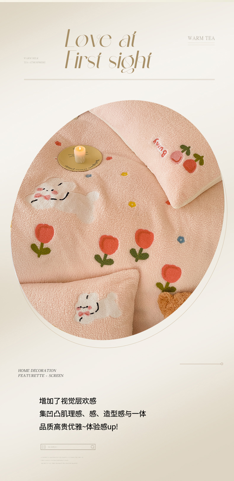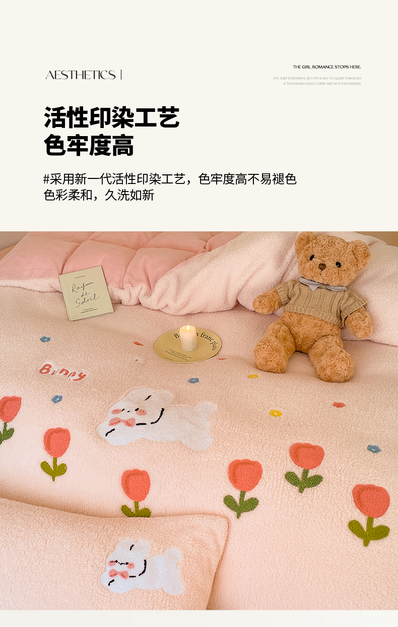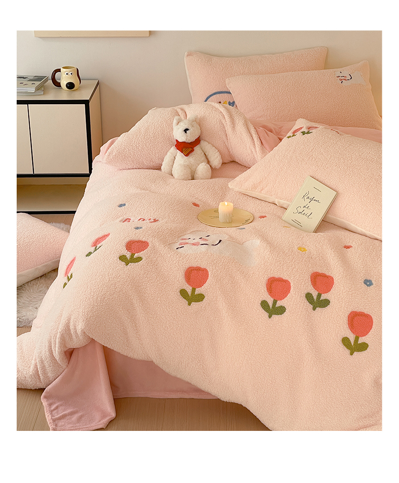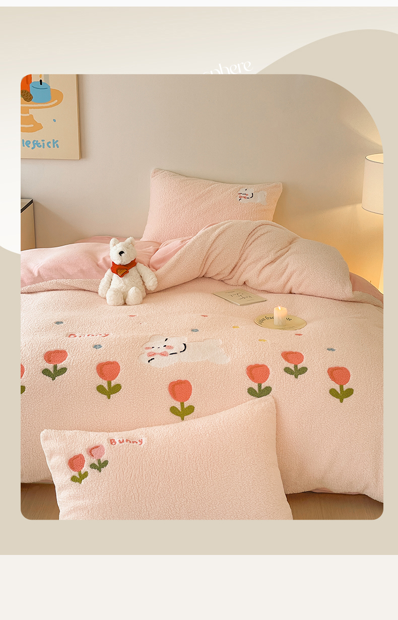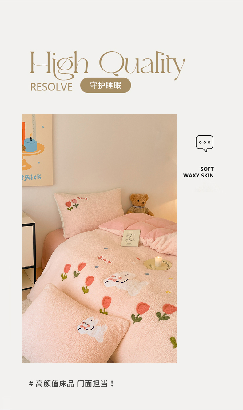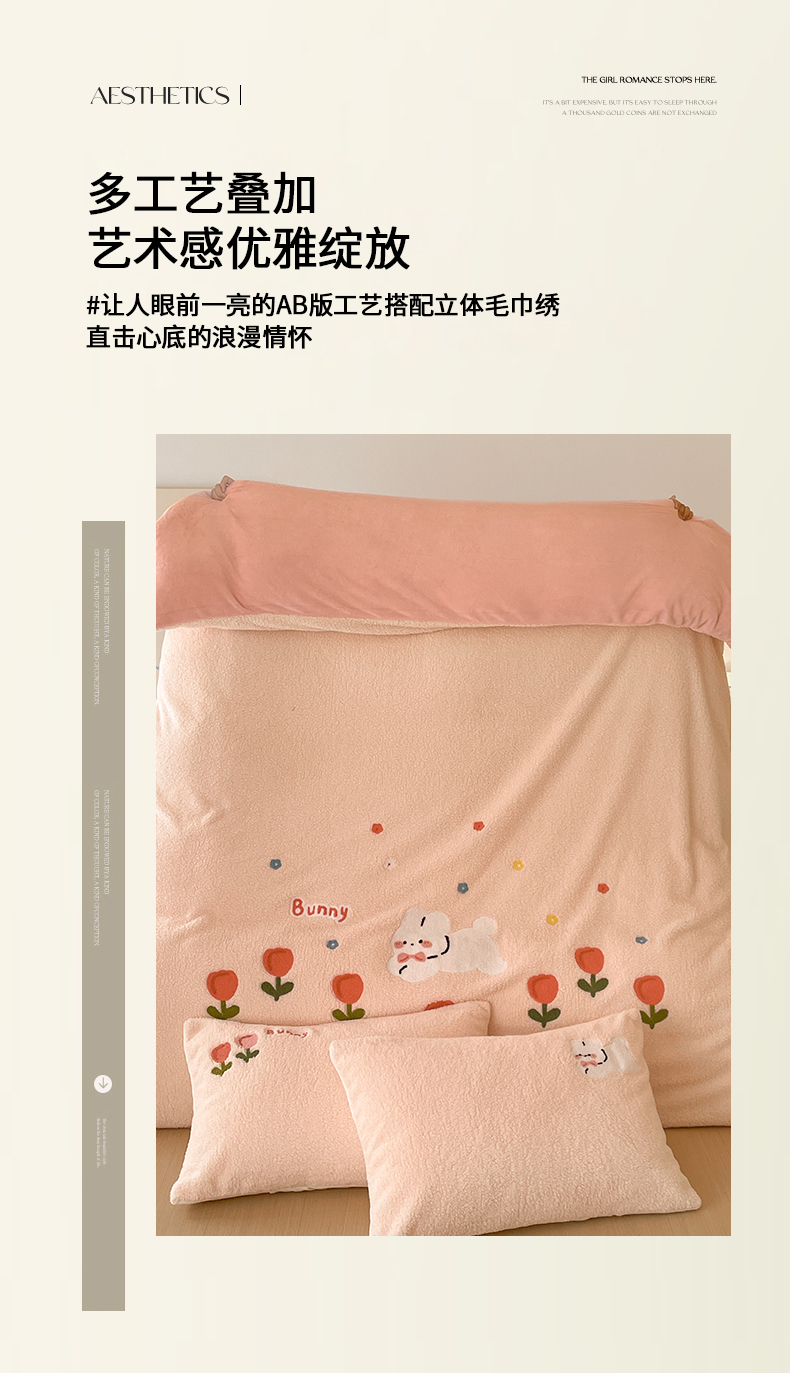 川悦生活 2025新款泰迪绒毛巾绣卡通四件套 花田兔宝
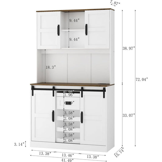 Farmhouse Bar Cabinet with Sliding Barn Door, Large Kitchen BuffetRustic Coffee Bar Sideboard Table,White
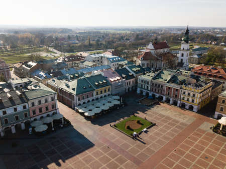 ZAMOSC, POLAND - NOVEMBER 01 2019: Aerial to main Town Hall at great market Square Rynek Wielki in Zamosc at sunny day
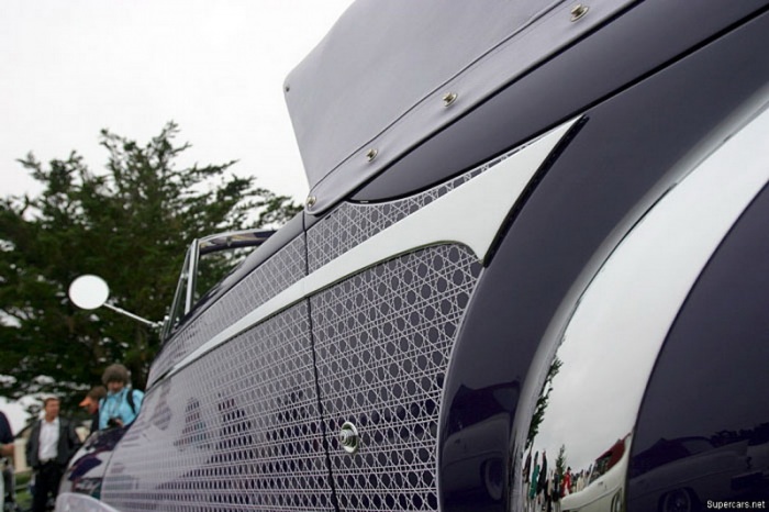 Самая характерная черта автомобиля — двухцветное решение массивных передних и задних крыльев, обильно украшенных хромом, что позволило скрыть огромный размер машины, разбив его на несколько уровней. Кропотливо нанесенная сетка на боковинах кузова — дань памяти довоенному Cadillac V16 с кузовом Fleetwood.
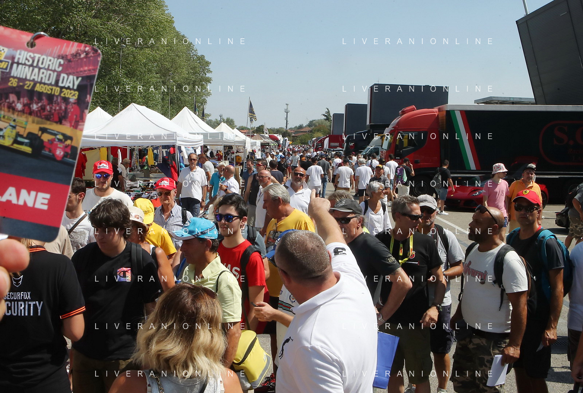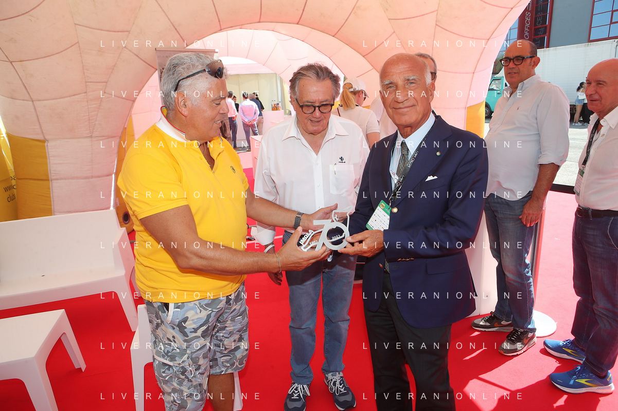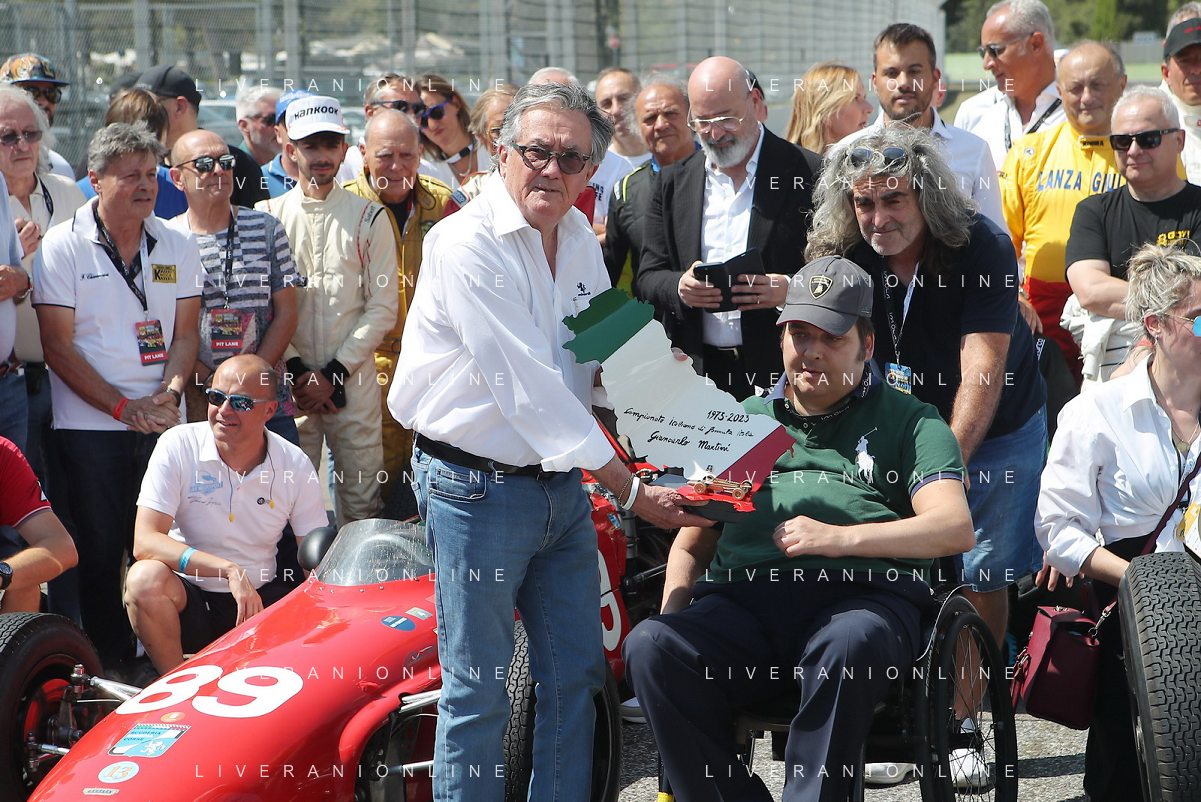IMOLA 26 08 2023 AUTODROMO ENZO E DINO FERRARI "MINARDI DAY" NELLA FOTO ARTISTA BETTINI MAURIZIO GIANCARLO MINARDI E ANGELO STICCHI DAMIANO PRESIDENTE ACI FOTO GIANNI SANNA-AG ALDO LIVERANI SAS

...

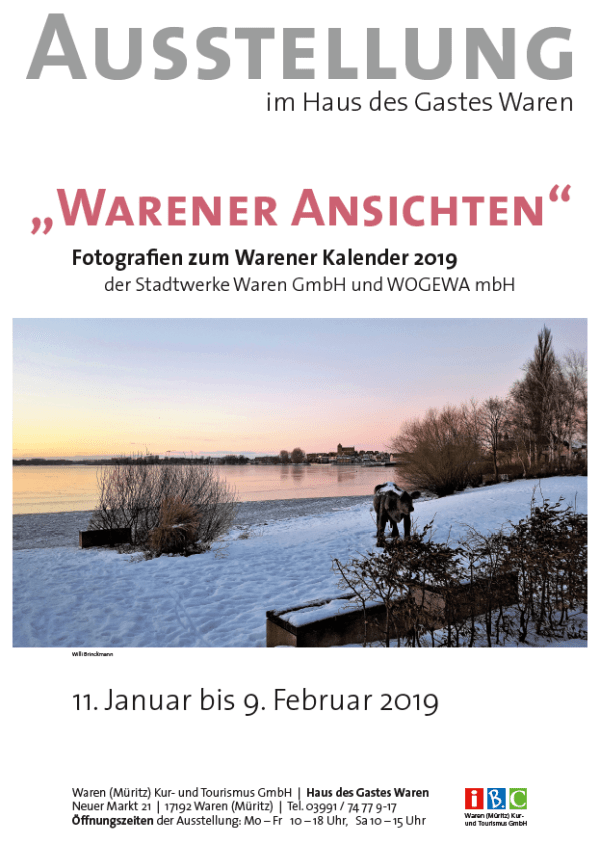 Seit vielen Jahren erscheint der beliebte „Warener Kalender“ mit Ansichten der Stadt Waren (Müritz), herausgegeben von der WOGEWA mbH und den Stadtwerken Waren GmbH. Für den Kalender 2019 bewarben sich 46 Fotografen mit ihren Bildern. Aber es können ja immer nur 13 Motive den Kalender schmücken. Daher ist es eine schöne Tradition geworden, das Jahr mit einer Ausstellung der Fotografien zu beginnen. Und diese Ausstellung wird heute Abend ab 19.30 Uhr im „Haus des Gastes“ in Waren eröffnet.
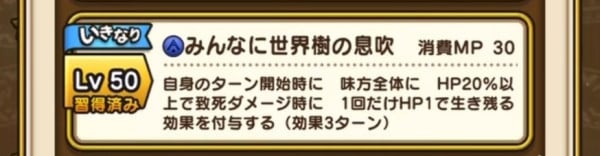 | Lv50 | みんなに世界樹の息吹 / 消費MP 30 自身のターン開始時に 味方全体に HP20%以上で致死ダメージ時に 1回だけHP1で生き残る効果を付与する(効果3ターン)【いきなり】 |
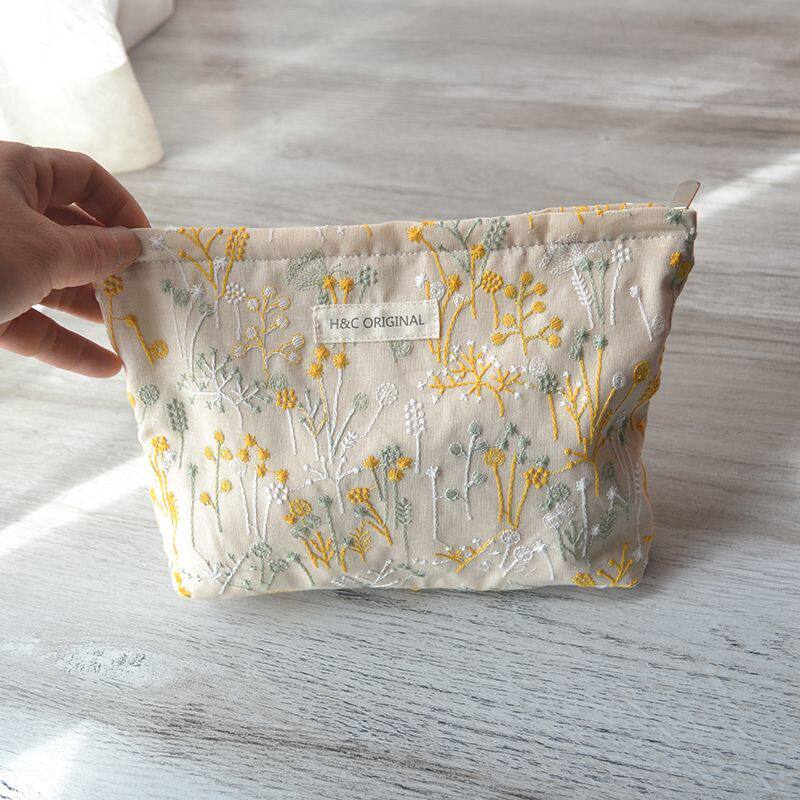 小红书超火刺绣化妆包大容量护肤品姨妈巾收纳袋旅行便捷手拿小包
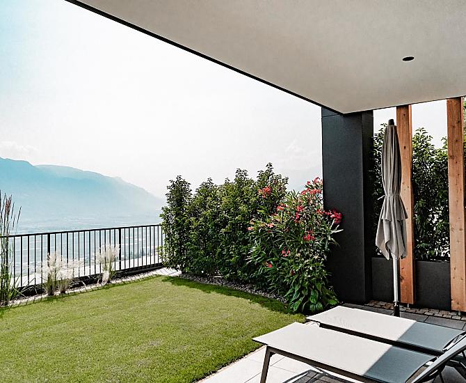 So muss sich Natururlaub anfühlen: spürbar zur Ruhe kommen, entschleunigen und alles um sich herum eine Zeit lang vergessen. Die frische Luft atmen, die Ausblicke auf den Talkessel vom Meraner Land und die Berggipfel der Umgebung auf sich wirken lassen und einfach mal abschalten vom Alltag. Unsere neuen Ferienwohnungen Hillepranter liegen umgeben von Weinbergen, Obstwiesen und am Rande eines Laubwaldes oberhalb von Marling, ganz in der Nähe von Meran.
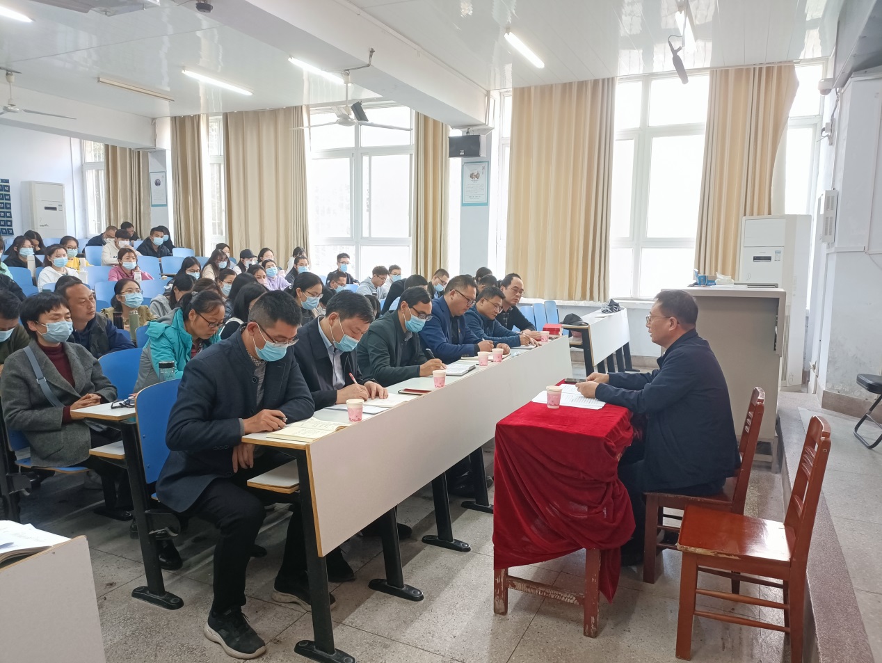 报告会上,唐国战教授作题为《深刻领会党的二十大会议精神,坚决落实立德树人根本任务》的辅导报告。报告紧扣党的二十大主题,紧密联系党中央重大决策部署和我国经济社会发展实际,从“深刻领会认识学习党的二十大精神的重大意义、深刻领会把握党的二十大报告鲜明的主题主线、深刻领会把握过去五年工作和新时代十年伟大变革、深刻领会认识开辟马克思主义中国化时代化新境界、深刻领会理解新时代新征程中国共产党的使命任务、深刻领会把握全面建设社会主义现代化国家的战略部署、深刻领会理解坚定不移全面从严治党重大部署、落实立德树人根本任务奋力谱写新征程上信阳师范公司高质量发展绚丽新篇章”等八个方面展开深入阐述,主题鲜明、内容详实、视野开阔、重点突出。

* _PROBLEM_:
Beginning with the line that contains "ZAMOSC, POLAND - NOVEMBER" and ending with the line that contains "IMOLA 26 08", reproduce the listing exactly, pictures excluded.

* _RESPONSE TO THIS EXERCISE_:
 ZAMOSC, POLAND - NOVEMBER 01 2019: Aerial to main Town Hall at great market Square Rynek Wielki in Zamosc at sunny day
 Самая характерная черта автомобиля — двухцветное решение массивных передних и задних крыльев, обильно украшенных хромом, что позволило скрыть огромный размер машины, разбив его на несколько уровней. Кропотливо нанесенная сетка на боковинах кузова — дань памяти довоенному Cadillac V16 с кузовом Fleetwood.
IMOLA 26 08 2023 AUTODROMO ENZO E DINO FERRARI "MINARDI DAY" NELLA FOTO ARTISTA BETTINI MAURIZIO GIANCARLO MINARDI E ANGELO STICCHI DAMIANO PRESIDENTE ACI FOTO GIANNI SANNA-AG ALDO LIVERANI SAS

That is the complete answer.